The Polish and Hungarian minorities, not the question of Slovakia which the Tribunal heard this morning. That is why Mr. Alderman submitted—and I respectfully joined him in his submission—that the action of the 15th of March was a flagrant violation of the letter and spirit of that agreement.
That, My Lord, is the part of the case which I desired to present.
THE PRESIDENT: We will adjourn now for 10 minutes.
SIR DAVID MAXWELL-FYFE: If your Lordship pleases. Thank you.
[A recess was taken.]
LIEUTENANT COLONEL J. M. G. GRIFFITH-JONES (Junior Counsel for the United Kingdom): May it please the Tribunal, Count Two of the Indictment charges these defendants with participating in the planning, the preparation, the initiation, and waging of various wars of aggression, and it charges that those wars are also in breach of international treaty. It is our purpose now to present to the Tribunal the evidence in respect of those aggressive wars against Poland and against the United Kingdom and France.
Under Paragraph (B) of the particulars to Count Two, reference is made to Count One in the Indictment for the allegations charging that those wars were wars of aggression, and Count One also sets out the particulars of the preparations and planning for those wars, and in particular those allegations will be found in Paragraph (F) 4. But, My Lord, with the Tribunal’s approval I would propose first to deal with the allegations of breach of treaties which are mentioned in Paragraph (C) of the particulars, and of which the details are set out in Appendix C. My Lord, those sections of Appendix C which relate to the war against Poland are Section 2, which charges a violation of the Hague Convention in respect of the pacific settlement of international disputes, on which Sir David has already addressed the Court, and I do not propose, with the Court’s approval, to say more than that.
Section 3 of Appendix C and Section 4 charge breaches of the other Hague Conventions of 1907. Section 5, Sub-section 4, charges a breach of the Versailles Treaty in respect of the Free City of Danzig, and Section 13, a breach of the Kellogg-Briand Pact.

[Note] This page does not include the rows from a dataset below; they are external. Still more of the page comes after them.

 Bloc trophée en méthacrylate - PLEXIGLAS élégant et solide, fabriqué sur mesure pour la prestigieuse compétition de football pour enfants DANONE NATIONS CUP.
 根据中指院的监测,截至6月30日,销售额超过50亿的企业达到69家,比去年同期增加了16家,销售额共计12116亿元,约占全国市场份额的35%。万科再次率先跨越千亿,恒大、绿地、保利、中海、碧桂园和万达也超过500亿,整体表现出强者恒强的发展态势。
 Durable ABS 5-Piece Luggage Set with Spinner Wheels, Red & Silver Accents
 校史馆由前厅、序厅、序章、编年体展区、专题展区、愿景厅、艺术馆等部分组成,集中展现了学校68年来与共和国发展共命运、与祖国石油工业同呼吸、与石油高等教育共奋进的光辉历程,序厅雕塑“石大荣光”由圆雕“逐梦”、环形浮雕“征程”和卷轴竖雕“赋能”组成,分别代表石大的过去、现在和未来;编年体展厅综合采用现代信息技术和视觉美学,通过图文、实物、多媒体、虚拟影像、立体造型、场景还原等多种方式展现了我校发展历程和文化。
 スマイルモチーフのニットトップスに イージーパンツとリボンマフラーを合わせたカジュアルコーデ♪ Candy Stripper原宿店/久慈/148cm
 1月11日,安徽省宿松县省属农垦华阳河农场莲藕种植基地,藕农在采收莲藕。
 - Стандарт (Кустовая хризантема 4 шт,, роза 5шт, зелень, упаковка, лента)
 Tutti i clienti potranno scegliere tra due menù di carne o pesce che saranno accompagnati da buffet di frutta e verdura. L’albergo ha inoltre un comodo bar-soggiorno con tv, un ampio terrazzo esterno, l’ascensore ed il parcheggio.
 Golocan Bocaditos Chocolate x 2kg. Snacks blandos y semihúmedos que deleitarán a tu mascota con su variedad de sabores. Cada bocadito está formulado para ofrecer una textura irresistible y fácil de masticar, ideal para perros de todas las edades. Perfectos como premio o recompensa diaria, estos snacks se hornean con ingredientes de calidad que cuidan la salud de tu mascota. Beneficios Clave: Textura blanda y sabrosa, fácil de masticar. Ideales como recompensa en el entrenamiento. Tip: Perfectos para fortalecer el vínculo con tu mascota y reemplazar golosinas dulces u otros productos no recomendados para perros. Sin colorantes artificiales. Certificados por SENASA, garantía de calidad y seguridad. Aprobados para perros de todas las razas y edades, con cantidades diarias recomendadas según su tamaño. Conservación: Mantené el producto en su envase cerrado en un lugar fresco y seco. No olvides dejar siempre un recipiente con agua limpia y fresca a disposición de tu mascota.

All those have already been dealt with by Sir David Maxwell-Fyfe, and it remains, therefore, only for me to deal with two other sections of Appendix C: Section 10, which charges a breach of the Arbitration Treaty between Germany and Poland, signed at Locarno on the 16th of October 1925; and Section 15 of Appendix C which charges a violation of the Declaration of Non-Aggression which was entered into between Germany and Poland on the 26th of January 1934.
If the Tribunal would take Part I of the British Document Book Number 2, I will describe in a moment how the remaining parts are divided. The document book is divided into six parts. If the Tribunal will look at Part I for the moment—the document books which have been handed to the Counsel for the Defense are in exactly the same order, except that they are bound in one and not in six separate covers, in which the Tribunal’s documents are bound for convenience.